Luhut Ditunjuk Tangani Minyak Goreng, Komisi VI DPR: Preseden Buruk Tata Kelola Pemerintahan
Amin Ak menilai penunjukan Luhut Binsar Pandjaitan menangani persoalan minyak goreng, tanda buruknya tata kelola pemerintahan Jokowi
Penulis: Seno Tri Sulistiyono
Editor: Muhammad Zulfikar
Laporan Wartawan Tribunnews.com, Seno Tri Sulistiyono
TRIBUNNEWS.COM, JAKARTA - Anggota Komisi VI DPR Amin Ak menilai penunjukan Menko Maritim dan Investasi Luhut Binsar Pandjaitan menangani persoalan minyak goreng, tanda buruknya tata kelola pemerintahan Presiden Joko Widodo (Jokowi).

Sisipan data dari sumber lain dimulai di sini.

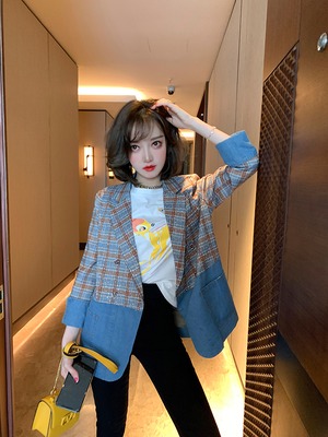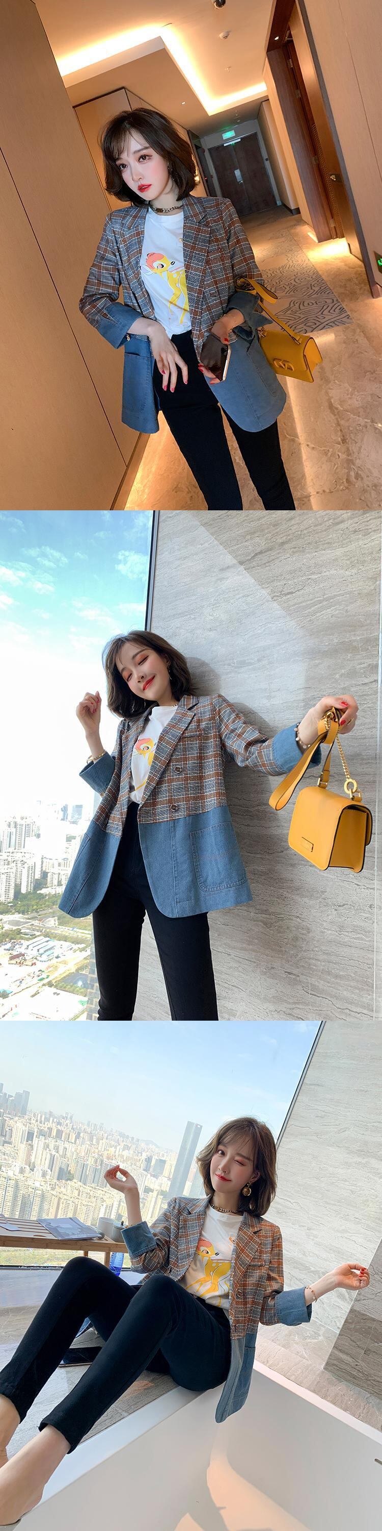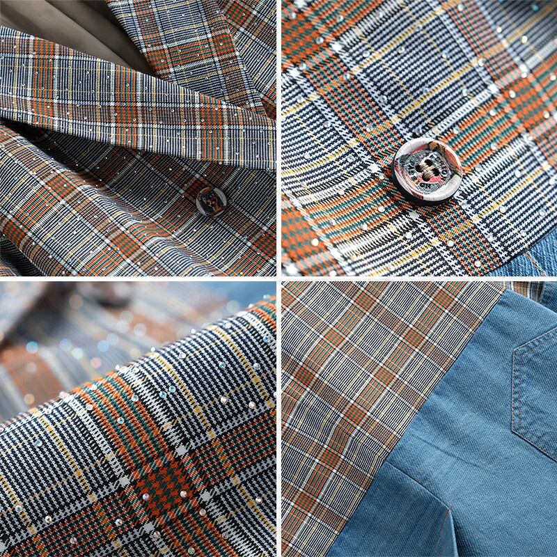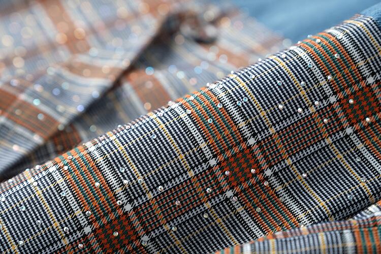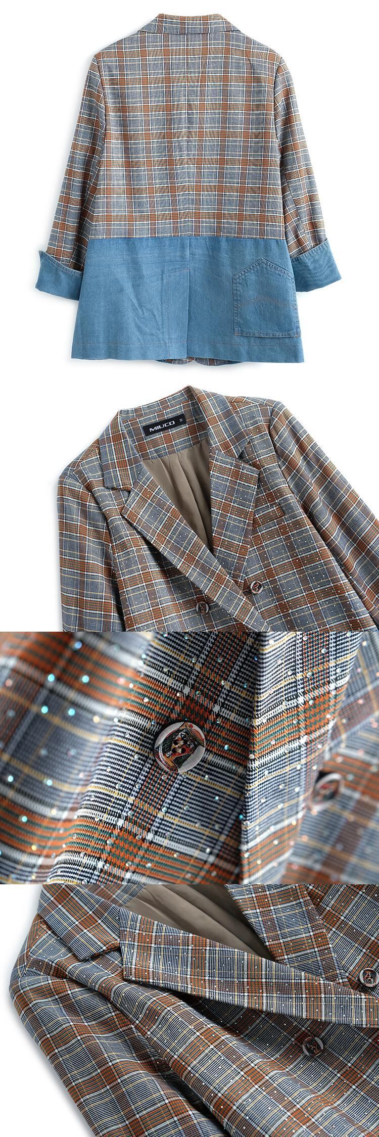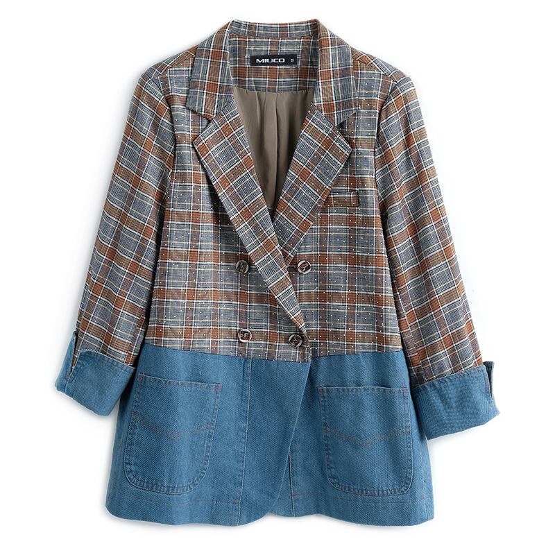 ラインストーンスタンダード格子柄ジャケット スプリング レトロ 春物 ステッチ MIUCO4788638028

Berdasarkan Tupoksinya, kata Amin, persoalan minyak goreng menjadi urusan Menko Perekonomian, baik hal itu dilihat dari sudut pandang masalah hulu berupa CPO maupun hilirnya berupa minyak goreng.
“Apakah Jokowi tidak percaya dengan Airlangga Hartarto yang menjadi Menkonya, atau Airlangga Hartarto dianggap gagal? Ini menjadi tanda tanya besar di masyarakat," kata Amin, Kamis (26/5/2022).
Baca juga: Ekonom: Kenapa Luhut? Kalau Mendag Tak Mampu, Kenapa Tidak Diganti
Menurut Amin, di sisi hilir untuk industri minyak goreng menjadi tanggung jawab Kementerian Perindustrian, sedangkan urusan distribusi dan perdagangan minyak goreng baik untuk pasar dalam negeri maupun ekspor menjadi domain Kementerian Perdagangan.
Sementara itu sisi hulu (produksi CPO) kementerian yang mengurusi adalah Kementerian Pertanian.
Amin menyebut, ketiga kementerian tersebut berada dilingkup Kemenko Perekonomian, bukan Kemenko Marves.
“Tata kelola pemerintahan menjadi keluar dari tupoksinya justru karena kebijakan presiden sendiri. Ini akan menjadi preseden buruk bagi tata kelola pemerintahan ke depan. Kesannya jadi suka-suka," ujar Amin.
Baca juga: Harga Minyak Goreng Hari Ini 26 Mei 2022 di Alfamart dan Indomaret: SunCo, Bimoli, Tropical, Sovia
Selain melanggar Tupoksi, Amin melihat penunjukkan Luhut menyiratkan dua kemungkinan, yakni adanya kondisi kegawatan yang sudah tidak bisa ditangani secara biasa oleh pemerintah khususnya dua menteri terkait, atau kemungkinan kedua, Jokowi menyerah dan tidak mampu menyelesaikan masalah ini.
“Bagaimana pun Presiden punya semua instrumen untuk bisa menyelesaikan masalah ini. Baik instrumen hukum, ekonomi, maupun politik, mengapa instrumen yang ada tidak digunakan?" katanya.